An old Doberman starts chasing rabbits and before long, discovers that he's lost.

Wandering about, he notices a lion heading rapidly in his direction with the intention of having lunch.
The old Doberman thinks, "Oh, oh! I'm in deep shit now!
Noticing some bones on the ground nearby, he immediately settles down to chew on the bones with his back to the approaching cat.

Just as the lion is about to leap, the old Doberman exclaims loudly,
"Boy, that was one delicious lion! I wonder if there are any more around here?

Hearing this, the young lion halts his attack in mid-stride, a look of terror comes over him and he slinks away into the trees.
"Whew!," says the lion, "That was close! That old Doberman nearly had me!
Meanwhile, a squirrel who had been watching the whole scene from a nearby tree, figures he can put this knowledge to good use and trade it for protection from the lion. So, off he goes.

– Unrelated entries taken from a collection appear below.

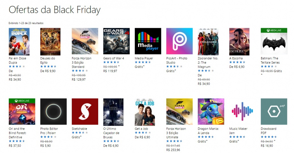 A Black Friday também chegou à loja do Windows. A Microsoft começou a exibir uma série de ofertas para compra de aplicativos, jogos e filmes com desconto, além de pacotes de conteúdo extra dentro de apps. Entre os itens em promoção, há ainda dois games de console, para jogar no Xbox ou Xbox One.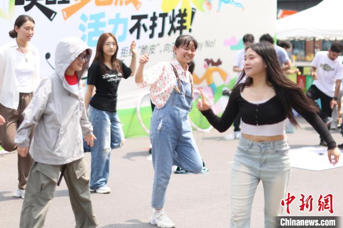 5月22日,江苏南京,大学生跟着音乐跳集体舞。中新社记者 泱波 摄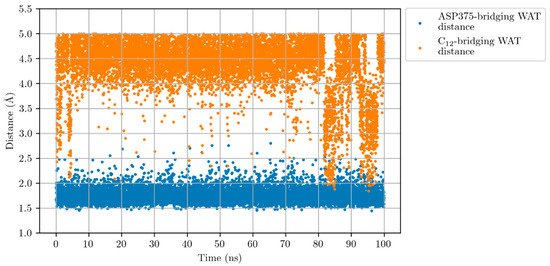 Distances ASP375-WAT (blue points) and C12-WAT (orange points) along the Molecular Dynamics simulation for the LTA4:LTA4H Michaelis complex. WAT stands for a water molecule placed between ASP375 and C12.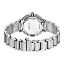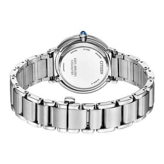 قاب استیل نقرهای ساعت با طراحی گرد و زنانه، 31 میلیمتر قطر و حدود 8 میلیمتر ضخامت دارد. بند استیل ضد زنگ با حلقههای پیوسته و ظاهری شیک از قفل کلیپسی ضامندار برای امنیت بیشتر برخوردار است. مقاومت ساعت citizen معرفی شده در برابر آب تا عمق 50 متر بوده که برای استفاده روزمره و تماس با آب مناسب است. از سایر ویژگیهای این مدل میتوان به نشانگر کمبود شارژ و جلوگیری از شارژ بیش از حد اشاره کرد.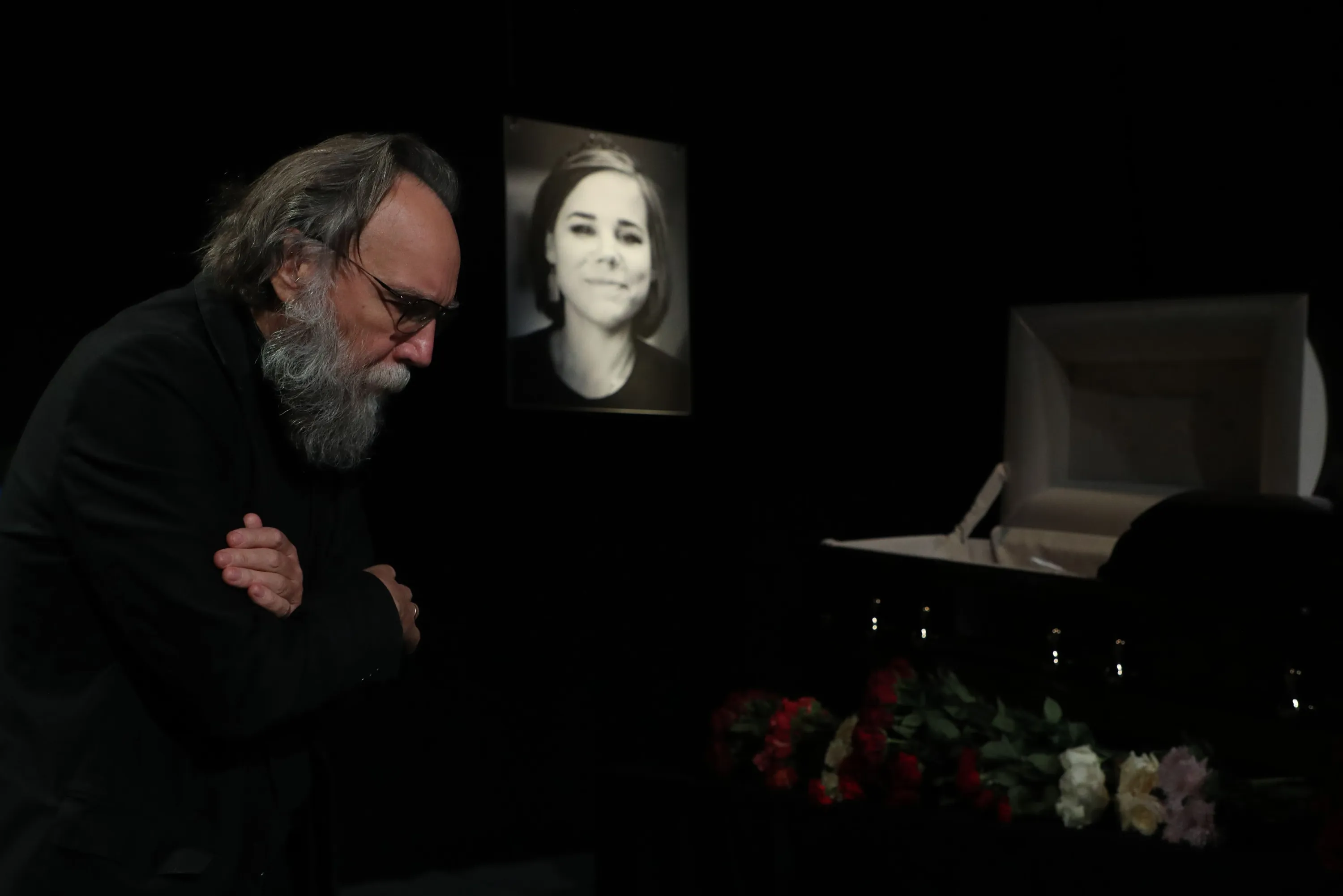 Russian political philosopher Alexander Dugin, leader of the International Eurasian Movement, attends a mourning ceremony for his daughter, Russian journalist and political scientist Darya Dugina (Platonova), at the Ostankino Television Technical Center in Moscow, Russia, 23 August 2022. Dugina, 29, died on 20 August when the car she was driving blew up on a highway near Moscow. (Photo by Maxim Shipenkov/EPA/EFE/Rex Features/Shutterstock)

The squirrel soon catches up with the lion, spills the beans and strikes a deal for himself with the lion.
The young lion is furious at being made a fool of and says, "Here, squirrel, hop on my back and see what's going to happen to that conniving canine!
Now, the old Doberman sees the lion coming with the squirrel on his back and thinks, "What am I going to do now?," but instead of running, the dog sits down with his back to his attackers, pretending he hasn't seen them yet, and just when they get close enough to hear, the old Doberman says..
"Where's that squirrel? I sent him off an hour ago to bring me another lion!

Moral of this story
Don't mess with the old dogs... Age and skill will always overcome youth and treachery!
Bull Shit and brilliance only come with age and experience.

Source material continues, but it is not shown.